I created this structure under the pretence of a small CST because often more resources are set aside for product development over the CST. Therefore, this proposed model has been created in such a way that it can be set up by few, and made functional by even fewer. Much of these processes are set up once, and can be left alone for a prolonged period. Even external outreach strategies do not require that much work. Once a marketing or product update email template has been established, creating content is not that much of a time-consuming task.
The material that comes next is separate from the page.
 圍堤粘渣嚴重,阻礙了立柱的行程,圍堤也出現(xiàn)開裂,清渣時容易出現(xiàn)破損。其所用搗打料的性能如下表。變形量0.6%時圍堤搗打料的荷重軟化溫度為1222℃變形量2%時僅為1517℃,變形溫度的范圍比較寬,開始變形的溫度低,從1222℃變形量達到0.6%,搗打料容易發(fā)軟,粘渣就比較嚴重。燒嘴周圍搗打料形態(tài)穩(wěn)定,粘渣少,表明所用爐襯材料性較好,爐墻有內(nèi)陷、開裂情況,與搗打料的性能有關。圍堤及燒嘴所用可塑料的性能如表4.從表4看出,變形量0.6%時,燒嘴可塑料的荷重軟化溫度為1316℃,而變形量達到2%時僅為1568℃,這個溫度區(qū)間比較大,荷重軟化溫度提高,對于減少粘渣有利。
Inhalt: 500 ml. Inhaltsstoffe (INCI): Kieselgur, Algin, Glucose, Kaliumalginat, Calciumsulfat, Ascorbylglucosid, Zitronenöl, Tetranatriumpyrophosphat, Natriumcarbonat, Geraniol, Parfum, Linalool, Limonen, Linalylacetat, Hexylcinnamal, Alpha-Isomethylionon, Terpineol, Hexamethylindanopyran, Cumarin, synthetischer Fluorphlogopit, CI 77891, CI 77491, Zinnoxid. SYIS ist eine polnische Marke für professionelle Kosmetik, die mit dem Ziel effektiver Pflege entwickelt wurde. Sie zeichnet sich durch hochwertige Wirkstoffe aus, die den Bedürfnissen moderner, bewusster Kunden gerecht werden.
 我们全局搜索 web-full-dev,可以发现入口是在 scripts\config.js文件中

The processes on the right-hand side are time consuming. Therefore, its important to prioritise establishing a solid network of support materials and making it readily available to customers. This will immediately reduce the strain of the amount of support tickets and calls you are receiving. If this is not happening, rethink your academy strategy. Maybe the articles are not written correctly? Are your users aware of your academy? This can be researched by user feedback surveys/calls or via stats which are often provided by the software host of your support articles. The goal here is to eliminate redundant tickets and ensure that your support team is only helping customers achieve the most complex of challenges. Because once a user has gotten to this stage, it means that they are already well inversed in your product and are less likely to churn.

The four quadrants are not the only channels that can be utilised to increase your customer outreach. You can also utilise other channels such as SEO optimisation, content marketing offline/online ads, and so forth. Yet I would strongly argue that other channels will fall out of the wider responsibilities of the CST and into the Marketing team territory.

Lastly, whilst the PLG model sees no sign of slowing down. I see no reason why you should not merge aspects of high-touch into the PLG model. For small companies that are struggling to penetrate their market, high-touch can be a great way to stand out from the competition as you are able to offer more direct and better support over your competitors.